Michelson J, Easley M, Wigley FM, Hellmann D.

Department of Orthopaedic Surgery, s Hopkins Hospital and Medical

Institutions, Baltimore, land, USA.

Although hindfoot pathology in rheumatoid arthritis is a significant

cause of disability for patients, the etiology of the planovalgus

deformity is controversial. The present study surveys 99 patients

with clinically proven rheumatoid arthritis for the presence and

severity of hindfoot pathology. Specific attention was directed at

the function of the posterior tibial tendon, as disruption of this

structure has been implicated by some investigators as a cause of

hindfoot deformity in rheumatoid arthritis. Assessment of posterior

tibial function was by manual testing using two different grading

scales, as well as by examination for several signs associated with

posterior tibial tendon dysfunction. Between 13% and 64% of the study

population could be considered to have posterior tibial tendon

dysfunction, depending upon the specific diagnostic criteria used.

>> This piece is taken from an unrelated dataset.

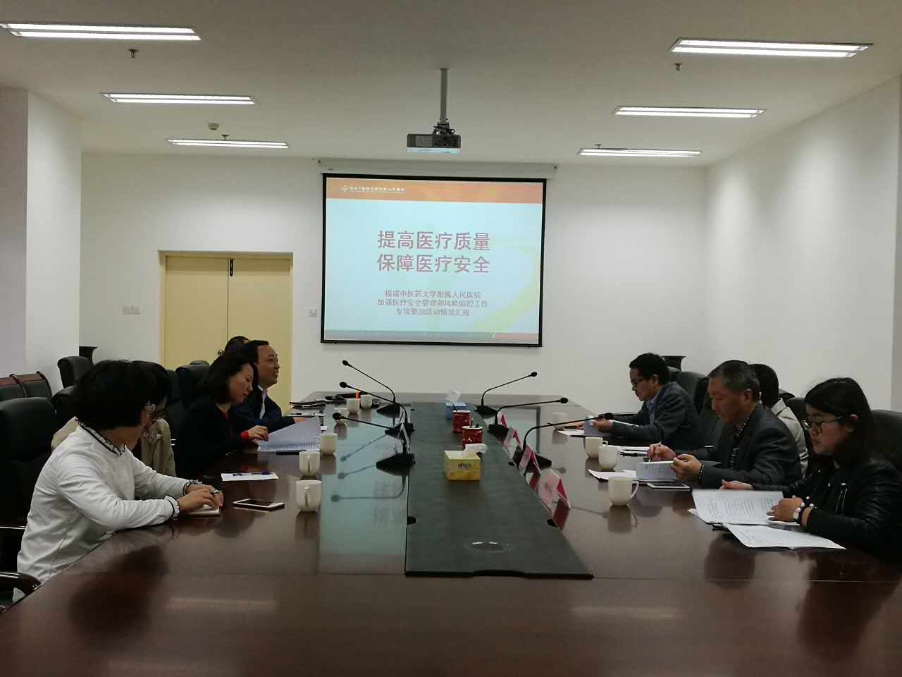 3月20日,我院接受了福建省衛(wèi)生計(jì)生委醫(yī)療安全管理和風(fēng)險(xiǎn)防控專項(xiàng)整治督查組的檢查。督查組專家由福建醫(yī)科大學(xué)附屬第一醫(yī)院林章雅副院長(zhǎng)、醫(yī)務(wù)部葉世岳主任、院感處劉豫瑞主任、以及中醫(yī)處謝評(píng)珠等專家組成,專家組對(duì)醫(yī)院的醫(yī)療質(zhì)量安全管理及風(fēng)險(xiǎn)防范專項(xiàng)整治活動(dòng)進(jìn)行了督導(dǎo)檢查。

Using the presence of all three of the most stringent criteria for

diagnosis, 11% of patients were believed to have posterior tibial

tendon dysfunction. These criteria were loss of the longitudinal

arch, inability to perform a heel-rise, and lack of a palpable

posterior tibial tendon. This study demonstrates that planovalgus

deformity in rheumatoid arthritis can be due to clinically evident

dysfunction of the posterior tibial muscle-tendon unit. There is a

complex interplay between hindfoot joint disruption due to the

inflammatory process and deformity due to tendinous dysfunction. If

there is primary subtalar joint instability secondary to the

inflammatory process, the posterior tibial tendon is rendered

dysfunctional due to deranged hindfoot mechanics, as with primary

posterior tibial tendon rupture. Since treatment of either condition

(i.e., primary hindfoot instability or primary posterior tibial

tendon rupture) is similar, the distinction is not important clinically

http://www.ncbi.nlm.nih.gov/entrez/query.fcgi?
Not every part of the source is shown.